Ave, donna di fede! Legata saldamente alla sua fede, Ave ha vissuto sempre nella ricerca e nell’accoglienza della volontà di Dio. Ha saputo accogliere le gioie della vita come dono dell’amore paterno di Dio. Ha saputo vivere le sofferenze, e non sono state poche, come opportunità di contemplazione. Ha accolto la solitudine come eremo in cui dialogare cuore a cuore con Dio. Ha vissuto il silenzio come tempo in cui prendersi cura di chi era nel bisogno.
Ave, donna di preghiera! Nella vita di Ave tutto scaturiva dalla preghiera, si nutriva di preghiera e portava alla preghiera. Nessuna organizzazione era fine a se stessa ma nasceva dalla sua preghiera personale e dal collegamento speciale che aveva con le monache di clausura. La preghiera di Ave era sempre abitata da tante persone e composta da tanti volti. Mai una preghiera banale, vuota, arida, lontana dalla storia.

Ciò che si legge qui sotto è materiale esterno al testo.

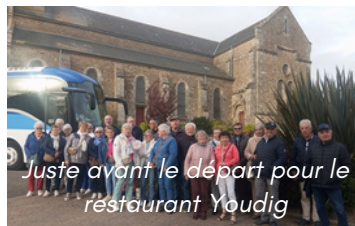
Juste avant le départ pour le restaurant Youdig

Le club "Au fil du temps" est heureux de vous accueillir les jeudis après-midis, toutes les quinzaines, pour diverses animations.

Il suo legame filiale con la Vergine era costante. I pellegrinaggi a Lourdes erano una profonda esperienza di fede, di preghiera, di conversione e di comunione ecclesiale.
Ave, innamorata della chiesa! Tutta la vita vissuta a servizio della Chiesa. Sempre pronta a spendersi nelle attività diocesane: l’Azione Cattolica, l’Opera dei Tabernacoli, gli Amici del Seminario, il Sinodo diocesano, la nascita dei primi Piani Pastorali, l’animazione della diocesi, la formazione degli operatori pastorali… Instancabile nell’attenzione a chi era nel bisogno.
L’espressione alta del suo amore infinito alla Chiesa la esprimeva nell’attenzione ai sacerdoti: li portava sempre dinanzi a Dio nella sua preghiera, offriva ogni sua sofferenza e ne condivideva ansie e gioie.
Un’attenzione particolarissima merita il suo rapporto con il seminario. Capace di costruire futuro, comprese subito l’importanza delle vocazioni al presbiterato. Si spese con tutte le sue energie perché ogni ragazzo che arrivava in seminario potesse seguire la sua chiamata. Pronta al sostegno, disponibile all’insegnamento e soprattutto desiderava che il seminario fosse presente in ogni iniziativa e attività. Aveva compreso che la presenza del seminario era già proposta vocazionale.
Amò la Chiesa, senza lamentele o recriminazioni, anche quando le causò sofferenza.
Ave, donna eremita! Gli ultimi anni della sua vita li ha vissuti nel chiuso della sua casa: eremo e oasi di pace. Impossibilitata a camminare, continuò a essere vicina a tutti e a ciascuno: finché le condizioni di salute glielo hanno permesso, ha continuato a scrivere le sue lettere per dire la sua vicinanza in ogni ricorrenza e condividere gioie e dolori. Il suo telefono era sempre in funzione: telefonate brevissime e intense.
La sua gioia fu piena quando il suo eremo divenne luogo di celebrazione eucaristica. Accoglieva le persone che venivano a condividere il rendimento di grazie offrendo a ciascuna una parola, un sorriso e un abbraccio. Partecipava all’eucarestia con grande raccoglimento e sempre indicava al celebrante qualche persona per cui pregare in particolare. Quando le condizioni di salute non le hanno più permesso il dialogo profondo con le persone, il suo eremo l’ha accolta come grembo e a noi è mancata la sua parola e il suo sorriso.
Ave, donna del grazie! Tutte le occasioni erano buone per ringraziare. Ringraziava Dio perché l’aveva amata e scelta; ringraziava tutti perché di ognuno coglieva il bene, anche quando era difficile trovarlo. L’ultimo periodo della sua vita è stato un grazie continuo; come se non sapesse dire altro. Adesso che la sua contemplazione è piena e totale, Ave non dice più grazie ma è diventata il nostro grazie perenne a Dio.